Welcome! Like you I'm new here. It's definately not a "who you know" deal. I just got some African Mantids last week from MANTISPLACE.COM. My mantids and everything else I needed to get started cost me less than a hundred bucks. This is a great forum and many of the members have tons of knowledge about mantids and there housekeeping. Every questioned I've asked has been answered quickly. I've yet too encounter a "snooty" attitude from any member. People who have been doing this for years and years are completely willing to help you get going.

This forum is just great, but, when you get some mantids it's 200% better.

Enjoy yourself!

p.s I believe there are many members from Ohio. In fact, MANTISPLACE.COM, ships from Ohio. Medina Ohio I think.


----------



## ismart (Jan 21, 2010)

Welcome to the forum!


----------



## mantidsaresweet (Jan 21, 2010)

Hey I'm live in Ohio.

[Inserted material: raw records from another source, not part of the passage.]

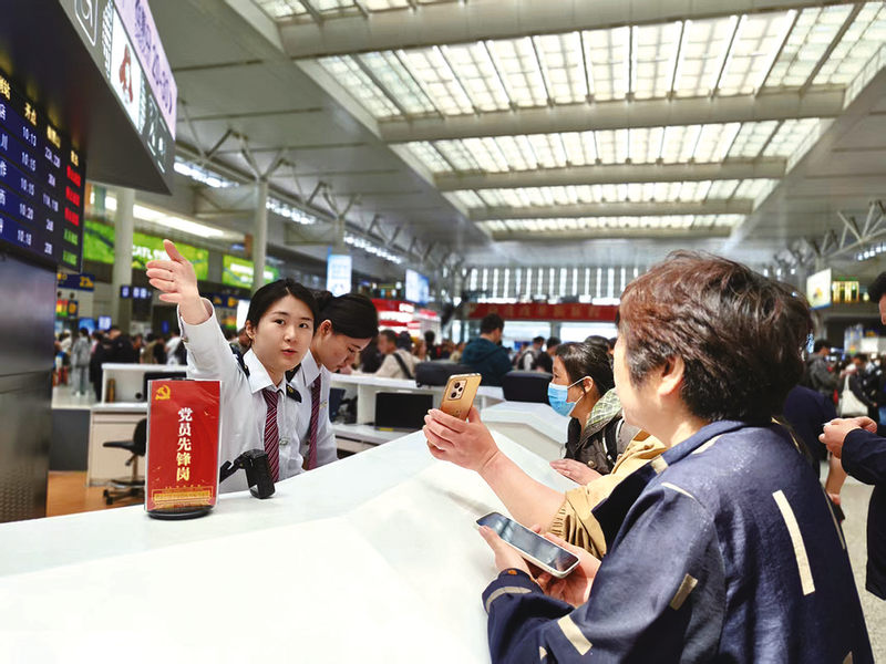 上海虹桥站工作人员解答旅客问询。 (通讯员 陈瑶 摄)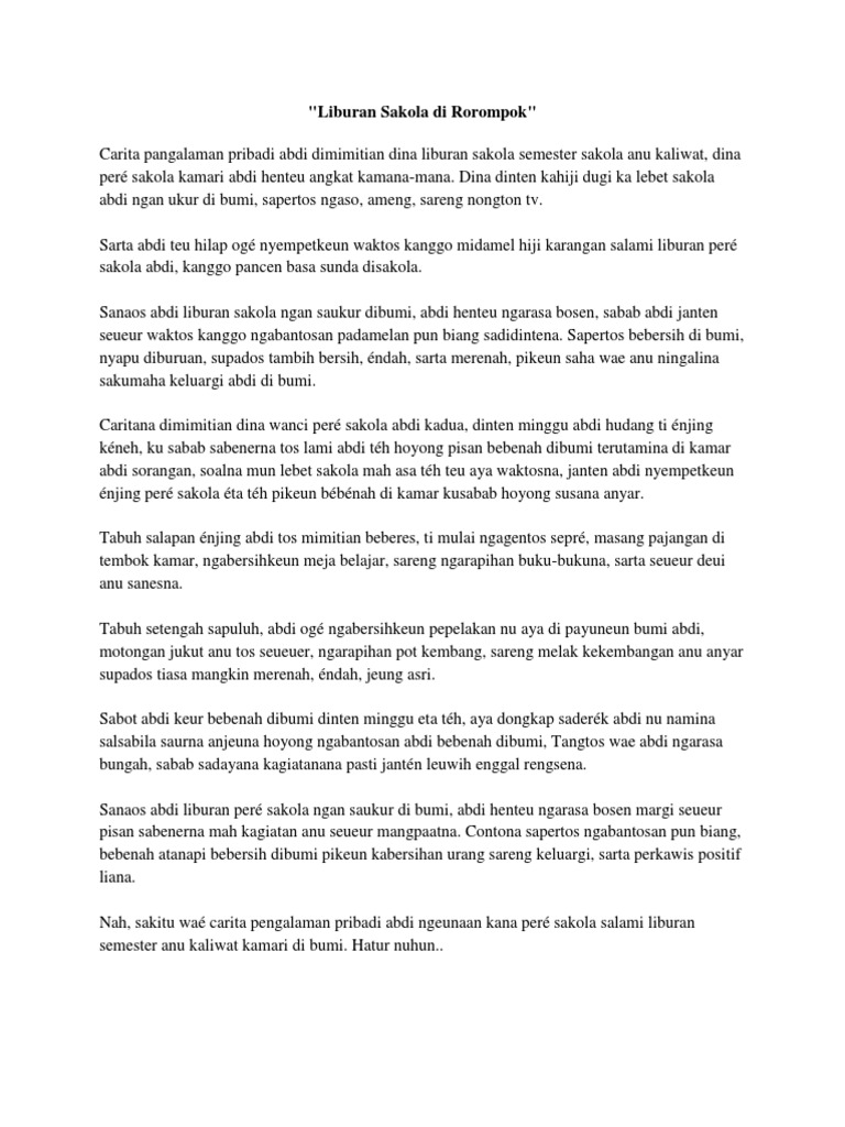 Contoh Artikel Bahasa Sunda Tentang Sakola : Contoh Artikel Contoh Artikel Bahasa Sunda Tentang Sakola : Artikel ini kami ambil dari salah satu website kesehatan yang sangat tekenal di dunia, yaitu voanews.com.. Artikel adalah suatu tulisan yang membahas topik tertentu, artikel dipublikasikan di majalah, koran hingga sosial media di internet. Dalam bahasa sunda, acara perpisahan sekolah ini juga disebut dengan istilah 'paturay tineung'. Pidato bahasa sunda singkat tentang jadi kamu jangan bingun jika pada artikel ini banyak menemukan istilah biantara bahasa sunda contoh pidato bahasa sunda tentang kebersihan adalah tema yang sangat familiar dan cukup. Jadi artikel ini dibuat untuk menyampaikan suatu informasi, sehingga dari informasi tersebut para pembaca akan mengetahui tentang isi dari artikel pembahasan itu sendiri. Artikel ini kami ambil dari salah satu website kesehatan yang sangat tekenal di dunia, yaitu voanews.com.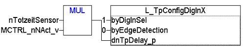 The function L_TpConfigDigInX is used to configure a dead time compensation from a POU of the PLC project. The compensation is provided in increments. Manufacturer specifications of time must be converted into a distance [inc] by multiplying with the current speed [inc/ms]. For this, the function  L_TpConfigDigInX and the calculation in a time-controlled task, preferably with short interval, must be called. The longer the intervals, the more inaccurate the localisation from the TP signal, since a speed change between the task requests is not considered.

Around the Dayton area. Glad to see another Ohio forum member and welcome!


----------



## ZoeRipper (Jan 21, 2010)

Welcome!

Mantisplace.com is indeed wonderful, I highly recommend her!


----------



## PhilinYuma (Jan 21, 2010)

Welcome from Yuma, AZ!


----------



## revmdn (Jan 21, 2010)

Welcome.


----------



## Katnapper (Jan 21, 2010)

Hello and welcome to the forum!  Glad you found us, and nice to have you here. Looking forward to seeing you around on the boards.


----------



## Rick (Jan 22, 2010)

Welcome. Plenty of mantids available here in the classifieds. Also a few members in OH.


----------



## hibiscusmile (Jan 22, 2010)

Welcome to another Ohio Buckeye! from u know where? OHIO!


----------